The grants would provide up to $500 a month or 30 percent of a rent or mortgage payment for tenants who sign a two-year lease. Those living closest to Ground Zero would receive the largest grants. Low-income residents will receive minimum grants of $4,000 for those nearest to Ground Zero and $2,000 for those further away.
"Some landlords have already lowered their rent by up to 15 percent and it's my understanding that these grants would be on top of that," Jain said. "This may address the financial issue there is still the health and safety issue and we want the apartments cleaned again, tested afterwards and certified by the city."
More than half of the approximately 20,000 people who lived in Lower Manhattan have returned to their homes, following the collapse of the Twin Towers after being evacuated for a minimum two weeks following Sept. 11. Tenants who lived in their apartment before Sept. 11 and stay can also receive a $1,000 bonus.
In addition to the continuing recovery effort at Ground Zero and the accompanying dust, noise and air pollution the residents will live near a construction site for the next several years.
The residents, many of whom lost jobs at the World Trade Center or had their jobs moved to New Jersey or Connecticut had much of their shopping, restaurants and transportation facilities in the 6-level basement concourse of the World Trade Center.
Last week it was learned that the U.S. Geological Survey found the dust created by the collapse of the World Trade Center had a pH of 12 -- very alkaline -- as alkaline as drain cleaner.
"On Sept. 27 we gave our results to the emergency responders and government agencies including the EPA and then our results went under a detailed peer review and we put the results on our Web site on Nov. 27," Geoff Plumlee, a research geochemist with the U.S.G.S. in Denver, told UPI.
"The dust was largely composed of particles of glass fibers, gypsum, concrete, paper and other building materials so it's not surprising that the pH level was high or that we found high levels of glass fibers."
According to industrial hygienists at the New York Committee for Occupational Safety and Health which provides training and assistance to 250 unions, highly alkaline dust, when in contact with moist tissue in the body -- the throat, mouth, nasal passages, skin and eyes -- becomes corrosive and can cause burns."
The U.S. Environmental Protection Agency found asbestos in some of their samples taken outdoors near Ground Zero.
More than five months since the attacks the people in Lower Manhattan still do not know whether or not it is safe to live and work in the area, according to Rep.
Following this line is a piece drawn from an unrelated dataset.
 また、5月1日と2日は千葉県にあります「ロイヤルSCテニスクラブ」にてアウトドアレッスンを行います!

Jerrold Nadler, Democrat who represent Lower Manhattan.
"The Environmental Protection Agency has failed in its mission to protect human health and to safeguard the natural environment by not exercising its full authority to test and clean all indoor spaces where people live and work," Nadler said last week at a hearing held by the U.S. Senate subcommittee on Clean Air, Wetlands and Climate.
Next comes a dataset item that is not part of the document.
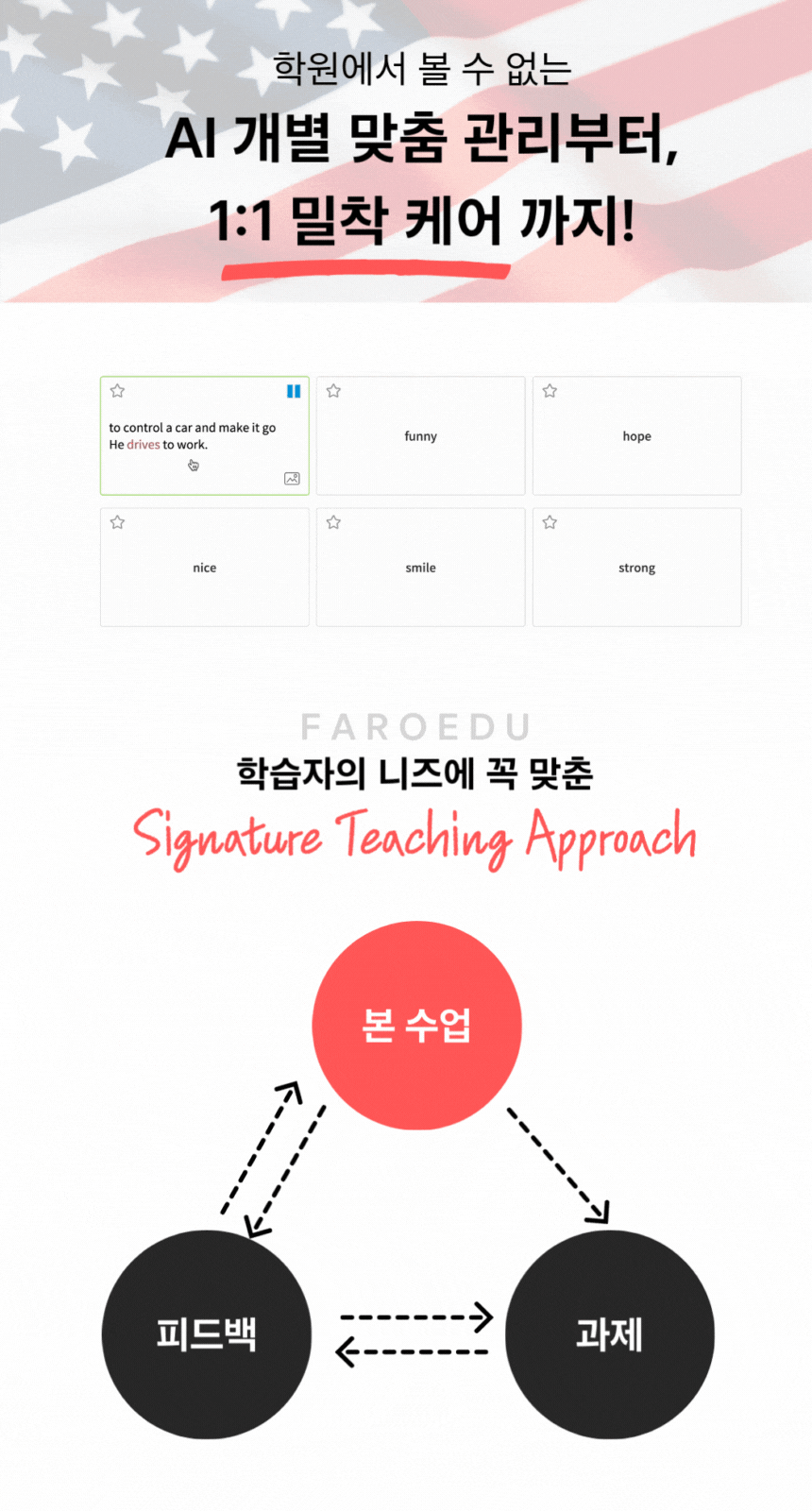 국제교육현장에서 검증된 교수법 적용 및 1:1 밀착관리가 특징입니다.

According to Jain, the government tells people they can go back home and that certified contractors should clean anything that may contain asbestos but no one tests for asbestos so a lot of people cleaned apartments themselves and now they tell us that cleaning incorrectly can be worse that no cleaning at all.
"Shortly afterwards the EPA announced it would conduct some indoor air testing, but so far we have no specifics and we've heard nothing further," Jain said. "The trouble is no one is taking responsibility for the cleanup and it's the number one issue that has to be addressed, it's not just about rent money."